Hi Our site is being optimized right now cause the DB/sql is messed up The developers of the site are no longer available hence had to give the DB/sql opti. and on page opti to another vendor. Now the work is almost complete but db is still suffering there are queries taking lose to 3-7 seconds the vendor is also lost as he has done all the work but not seeing performance. Also while opti db he was not able to normalize db as not possible to explain DB as no documentation What can i do need to implement something today very urgent , will sql cache help or how would I normalize ( will that help) WHAT TO DO
I don't have much experience with MySQL but I do know MS SQL pretty well. Attempting to normalize an existing database can be extremely difficult and if the database contains a lot of data and lots of tables it would take some time to sort. It sound like your developers are doing the next best thing which is to attempt to optimize the on-page queries (the queries written into the page code) being used, but that will only be partly successful if the database is a mess. The next best thing to do is to transfer all your database queries into stored procedures and make use of views where tables are being joined - I believe MySQL 5 now supports both these. Stored Procedures will give your database a big performance kick, and the use of views will simplify these stored procedures. If that doesn't improve performance then you're left with a couple of choices... 1. Take the plunge and attempt to normalize the database. Don't expect it to be easy and if your DB data is constantly changing it will take a lot of time to get it all fixed and synched. It would be best to get all the work done in the background, get all the scripts ready, then take the DB off-line for a short period for the final transfer 2. Use more powerful hardware with fast disks (that faster the better for DB's) a decent CPU, and lots of RAM, but concentrate on the disks (speed not size) if funds are tight. I'm sure there are also caching solutions that will help, but as I said, I'm not that familiar with MySQL.

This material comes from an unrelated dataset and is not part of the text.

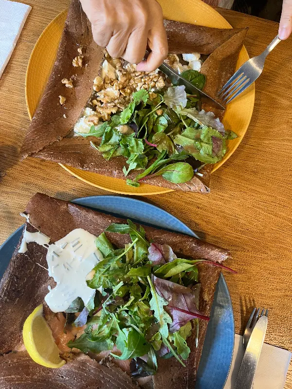Le Petit Breton에 들어서자, 가장 먼저 눈에 띈 것은 다채로운 크레페 메뉴였다. 클래식한 햄과 치즈 크레페부터 연어, 바나나, 초콜릿 등 다양한 토핑이 올라간 크레페까지, 그 종류만 해도 수십 가지는 되어 보였다. 결정 장애가 있는 나에게는 너무나 가혹한 선택의 시간. 고민 끝에, 가장 인기 있다는 연어 크레페와 달콤한 바나나 크레페를 주문했다.
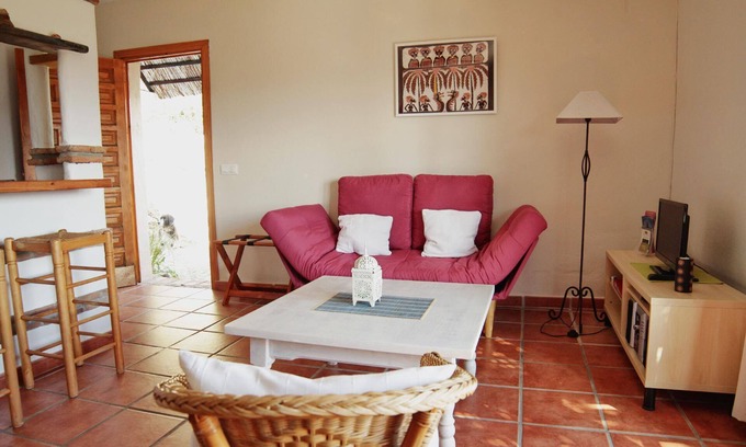 Double room with sitting area, TV, satellite, music, heating or fan. Two beds with natural latex mattresses and pure cotton sheets. Kitchenette with two-ring electric hob, toaster, blender, fridge and cooking utensils. Bathroom with shower, toilet and washbasin. Terrace with table, armchairs, sun loungers and barbecue.

You should start off by identifying where the bottleneck is and using the EXPLAIN statement in MySQL. It will let you know what's going on. Without more information the problem could honestly be anywhere but 3-7s query is a long time. Things to consider: - Table is not indexed properly - Explain will let you know how it's accessing the data and what indexes are being used - Query is poorly designed, joins etc causing MySQL to push a lot of data to a tmp table for sorting/grouping etc. - Are you reading the data from RAM or is your database swapping to disk? Your DBA SHOULD NOT be lost as to why it's taking that long for a query, at the very least he should be able to see why even if he might not necessarily know how to fix it. www-mysqlperformanceblog-com/2006/07/24/extended-explain/.